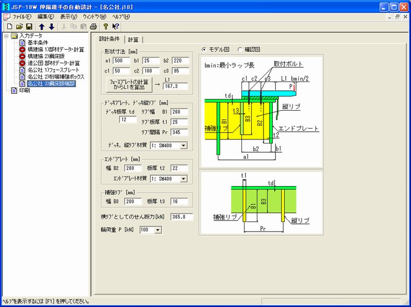 JSP-18Wは、道路橋示方書・同解説?共通編、?鋼橋・鋼部材編(平成29年11月)、鋼橋伸縮装置設計の手引き(平成17年4月、日本橋梁建設協会)、鋼製フィンガージョイント設計指針※1(平成15年2月、NEXCO)、鋼構造物設計基準(平成11年10月、名古屋高速道路公社)、鋼構造物設計要領(案)(平成12年2月、名古屋高速道路公社)に基づき、鋼製フィンガージョイント(片持式)の詳細設計を一貫して行う。 ※1 NEXCOのフィンガージョイントについては、鋼製フィンガージョイント設計指針が平成29年道路橋示方書に対応後、検討する。
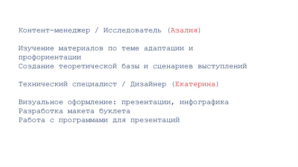 Контент-менеджер / Исследователь (Азалия)Изучение материалов по теме адаптации и
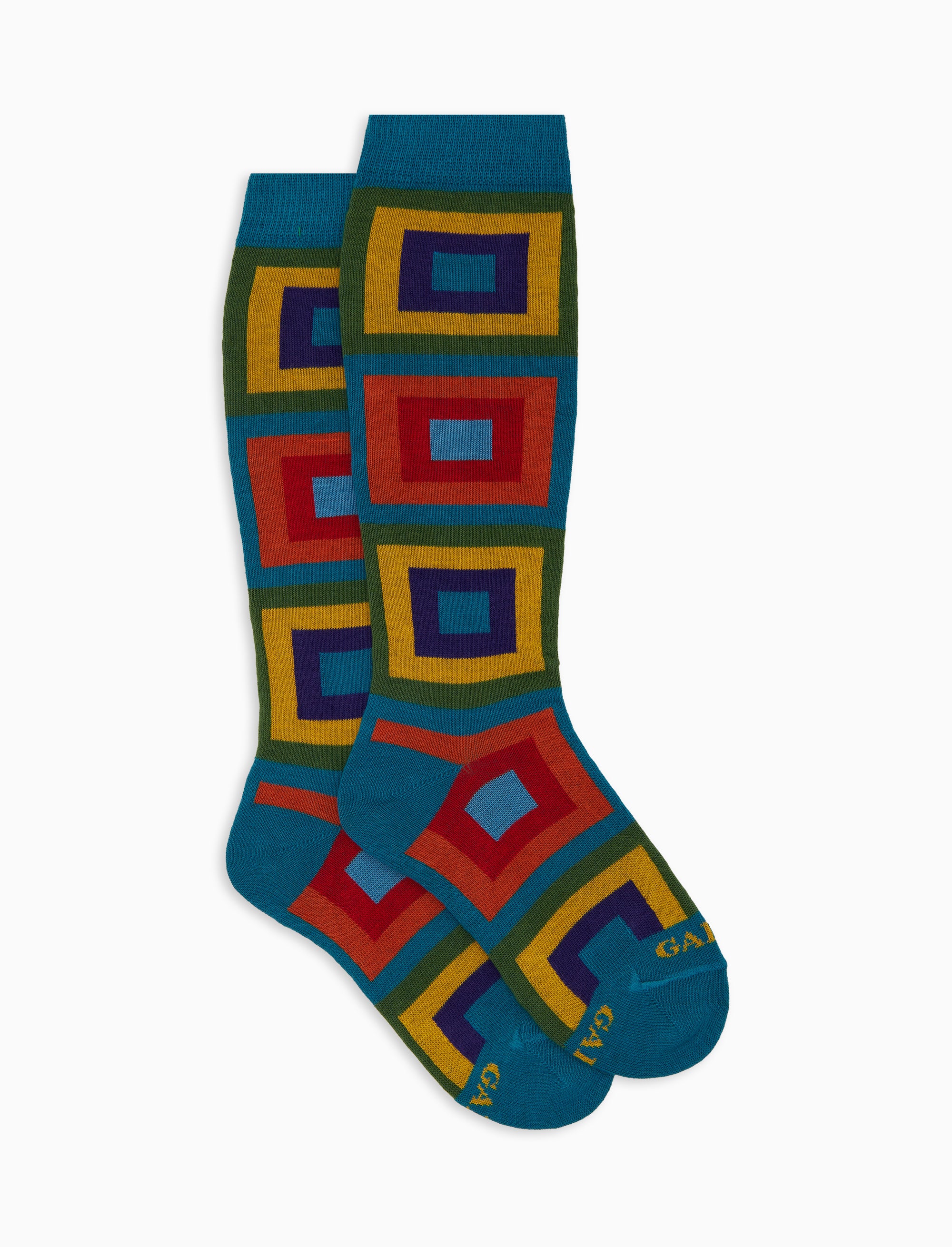 Calze lunghe bambino cotone azzurro fantasia quadri concentrici
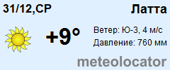Представляем прогноз погоды в Латте на 5 - 7 дней. Подробнее...Щелкните на соответствующем дне, чтобы получить подробный прогноз по нему. Для просмотра расширенных данных щелкните по заголовку соответствующего блока из группы блоков, расплолженных ниже основного. Для получения данных на другие дни используйте стрелки слева и справа от таблицы с погодой или навигационное меню в левой колонке страницы. Свернуть
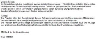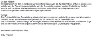 | 8. | Antrag Bezuschussung Klimawald der Fraktion CSU |
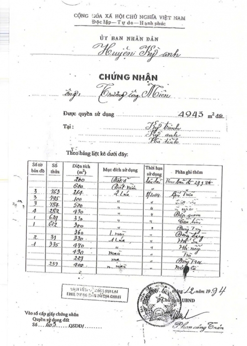 GCNQSDĐ huyện Kỳ Anh cấp cho hộ dân năm 1994. Ảnh: Thanh Nga. |
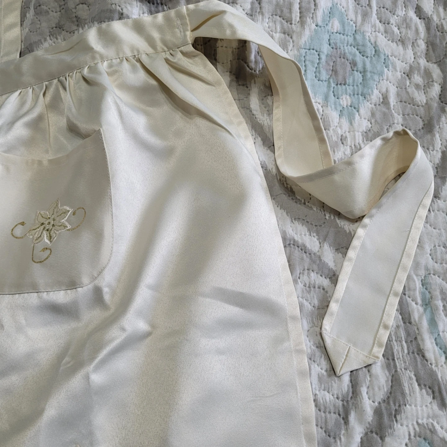 Beautiful Silky Apron - Waist up to 70" - Adult One Size - Brand New Condition- Beige & Golds - please see all pictures

[What to work on]
Starting at the line above that contains "Контент-менеджер / Исследователь", transcribe every line exactly through the line that contains "Представляем прогноз погоды", including that last one, and skip the pictures.

[Written reply]
 Контент-менеджер / Исследователь (Азалия)Изучение материалов по теме адаптации и
 Calze lunghe bambino cotone azzurro fantasia quadri concentrici
Представляем прогноз погоды в Латте на 5 - 7 дней. Подробнее...Щелкните на соответствующем дне, чтобы получить подробный прогноз по нему. Для просмотра расширенных данных щелкните по заголовку соответствующего блока из группы блоков, расплолженных ниже основного. Для получения данных на другие дни используйте стрелки слева и справа от таблицы с погодой или навигационное меню в левой колонке страницы. Свернуть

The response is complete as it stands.